(GIVEN RECORDS Opens)

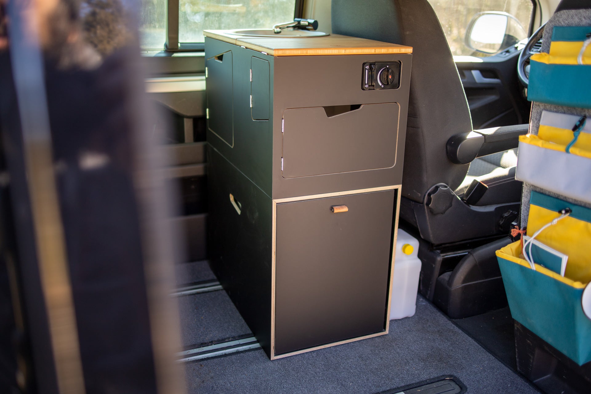 Sie bietet alles, was du zum Kochen brauchst. Ausziehbare Arbeits- und Ablageflächen, Schneidebrettl, Staufächer für Kochutensilien und Platz für einen 2-Flammenkocher (optional). Der Standfuß lässt sich platzsparend zusammenlegen. Die Küche hat Platz auf allen gängigen Heckauszügen oder kann am Schienensystem im Fahrzeug fixiert werden. Mehr
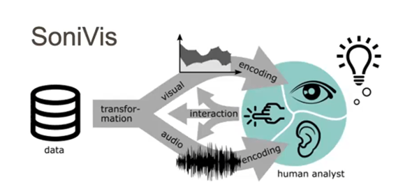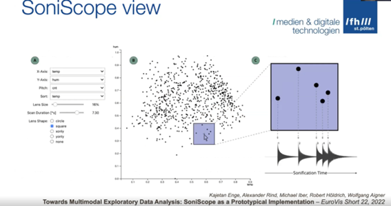 随后,Aigner教授介绍了当前最新的项目 SoniVis (如图7所示)。SoniVis 旨在结合数据的声音表现形式 (audio representation) 和视觉表现形式 (visual representation),利用视觉和听觉的双重感知通道来编码数据,从而增强用户对数据的理解和分析能力。基于D3.js,Aigner教授团队在jupyter notebook中创建原型-SoniScope (如图8所示)。界面分为ABC三个部分。在A区域,用户可在界面内自定义数据的映射方式,如坐标轴的映射方式,音调的映射方式,排序时基于的变量等。同时用户可对数据选择框的形状和大小进行自定义的调整。B 区域将数据以点云形式进行可视化,为用户提供数据选择操作的交互界面。C区域展示被选中数据的音频可视化。Aigner教授随后通过对系统的详细展示,向观众生动地诠释了视觉通道的与听觉通道的结合后对数据分析的意义。用户可通过播放选中区域内所有基于数据属性映射而形成的声音集合来比较两块区域的总体数值大小以及分布情况,在这种情况下,听觉通道对视觉通道进行信息补充,增加了用户在单位时间内接收到的信息类别和数量,极大程度上加强了用户对数据的理解能力。之后,Aigner教授介绍了 Audio-visual Analytics Community (https://audio-visual-analytics.github.io/)。
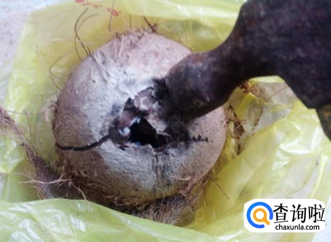 再用锤子把椰子敲裂,然后用小刀挖出果肉。
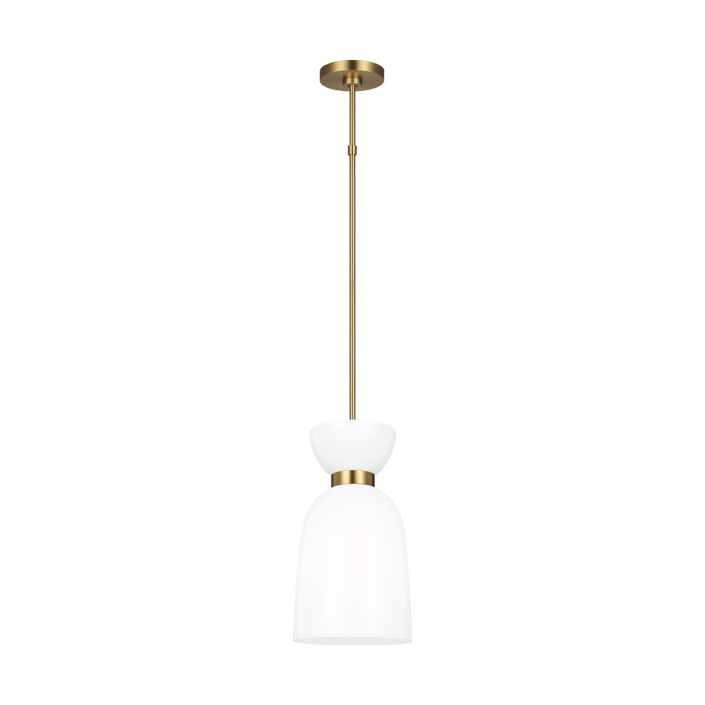 Londyn is inspired by geometric playful midcentury fixtures in metal and glass with exciting profiles and scale play. Two glass spheres with a simple metal cuff and a single bulb—an elegant pendant with graphic interest. This pendant would be great as a single or in multiples over a kitchen island.
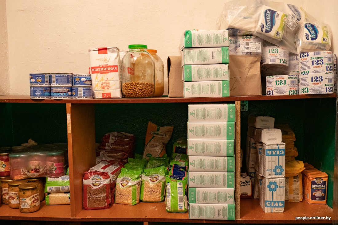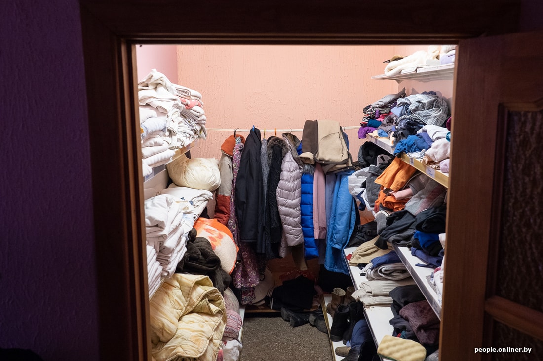Весь антураж подчеркивает простоту быта немощного человека на исходе жизни. На кухне — посуда, в холодильниках — запасы мяса, фруктов и овощей. На складах — стопки постельного белья, моющие и дезинфицирующие средства, взрослые памперсы. Вот ходунки, палочки, костыли и инвалидные коляски, в отдельной комнате — одежда постояльцев. Везде чисто, немного пахнет хлоркой.
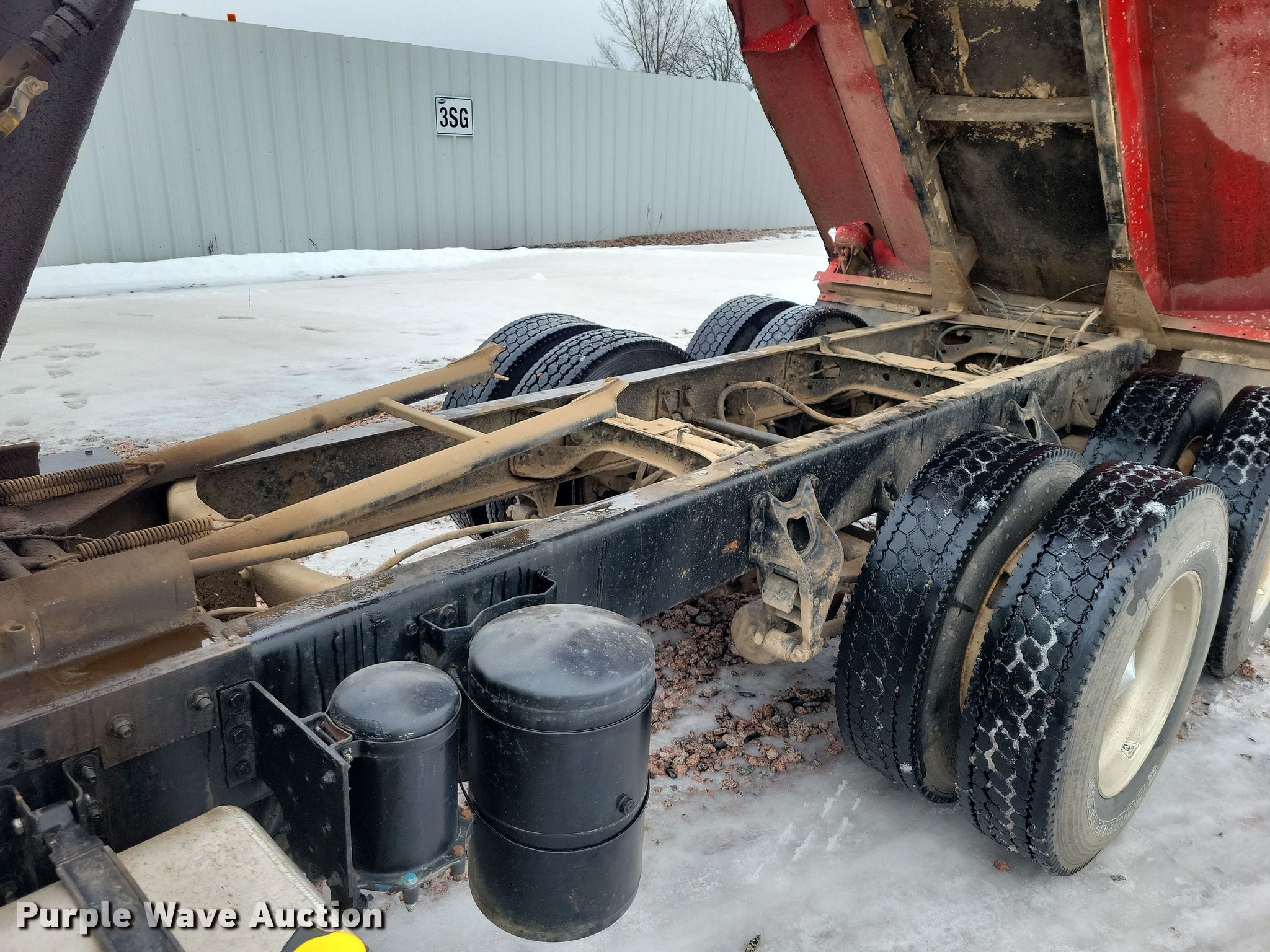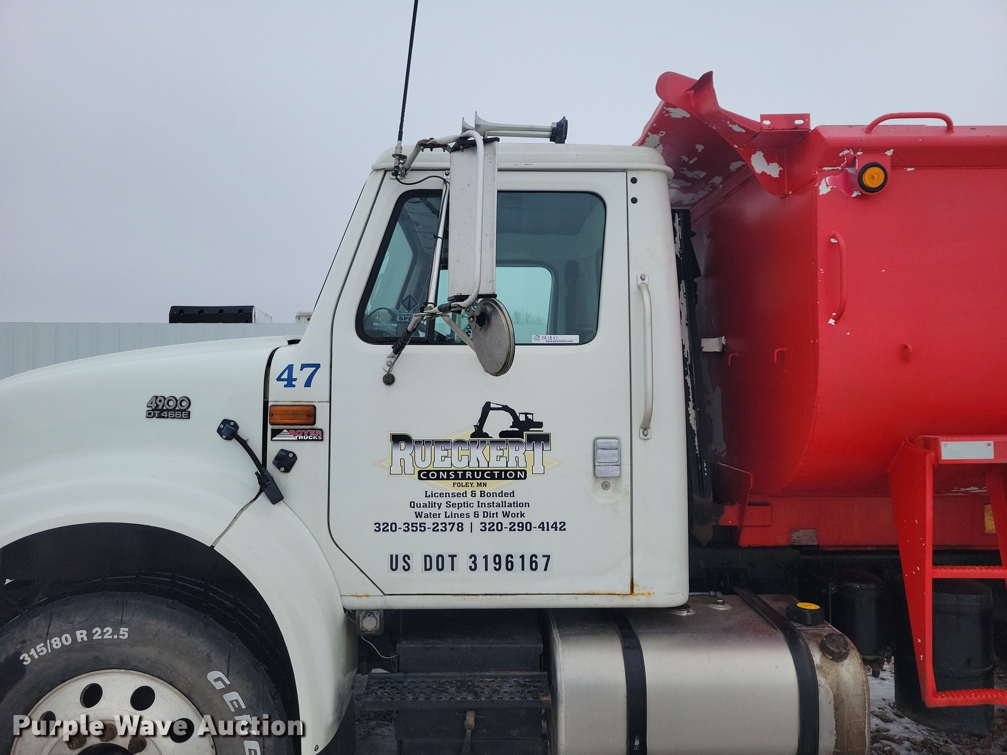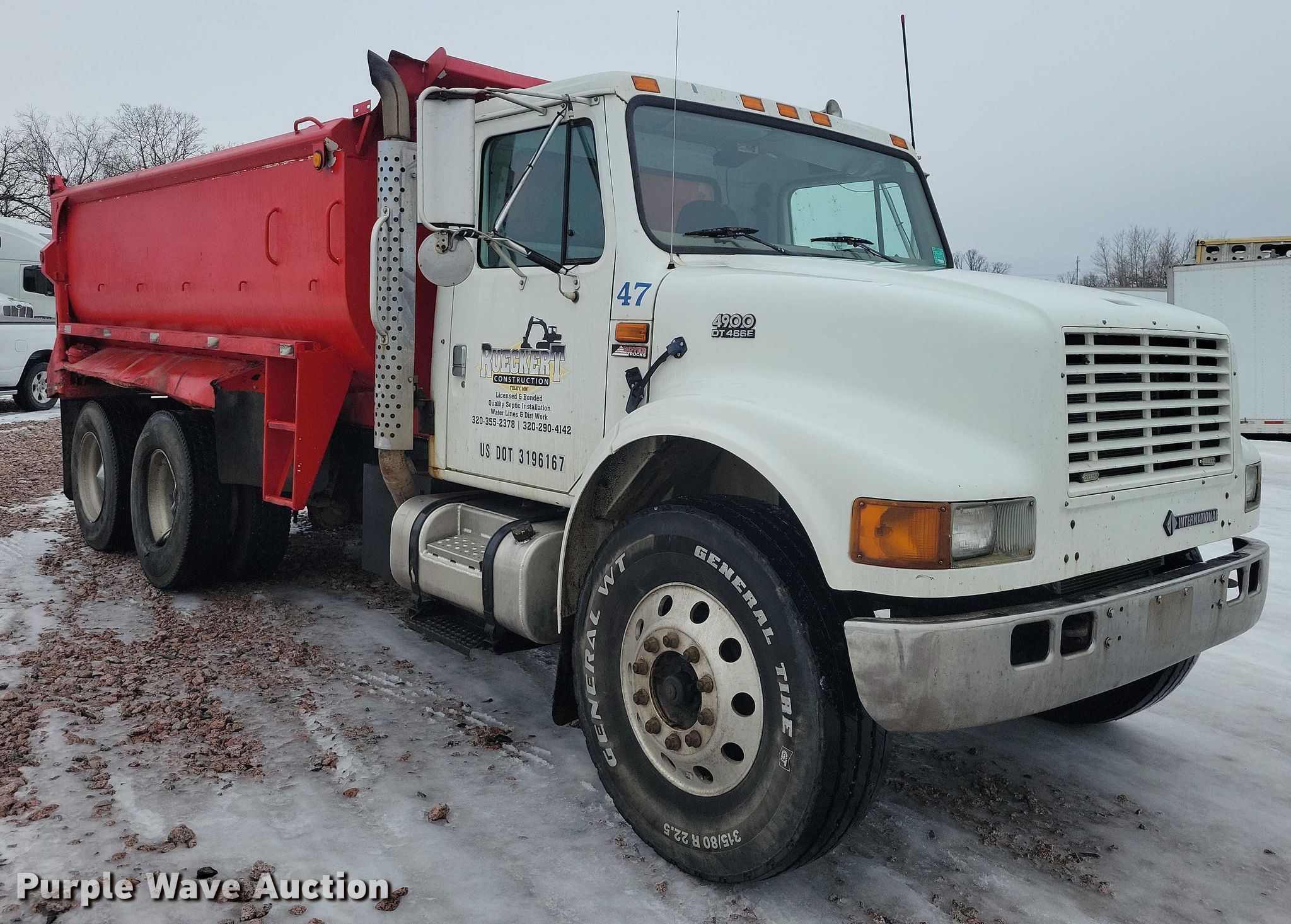 Purple Wave is selling a used Construction Dump Truck in Minnesota. This item is a 2002 International 4900 dump truck with the following: Miles: 548,155 on odometer, Hours: 19,156 on meter, VIN: 1HTSHAAR02H512062, Unit #: 96472285

(GIVEN RECORDS Closes)

AIM OF THE EXERCISE >> Starting with the line that has "Londyn is inspired" and ending with the last line of the records, retype every line exactly and only those lines. Do not include the pictures.

TASK RESULT >>
 Londyn is inspired by geometric playful midcentury fixtures in metal and glass with exciting profiles and scale play. Two glass spheres with a simple metal cuff and a single bulb—an elegant pendant with graphic interest. This pendant would be great as a single or in multiples over a kitchen island.
Весь антураж подчеркивает простоту быта немощного человека на исходе жизни. На кухне — посуда, в холодильниках — запасы мяса, фруктов и овощей. На складах — стопки постельного белья, моющие и дезинфицирующие средства, взрослые памперсы. Вот ходунки, палочки, костыли и инвалидные коляски, в отдельной комнате — одежда постояльцев. Везде чисто, немного пахнет хлоркой.
 Purple Wave is selling a used Construction Dump Truck in Minnesota. This item is a 2002 International 4900 dump truck with the following: Miles: 548,155 on odometer, Hours: 19,156 on meter, VIN: 1HTSHAAR02H512062, Unit #: 96472285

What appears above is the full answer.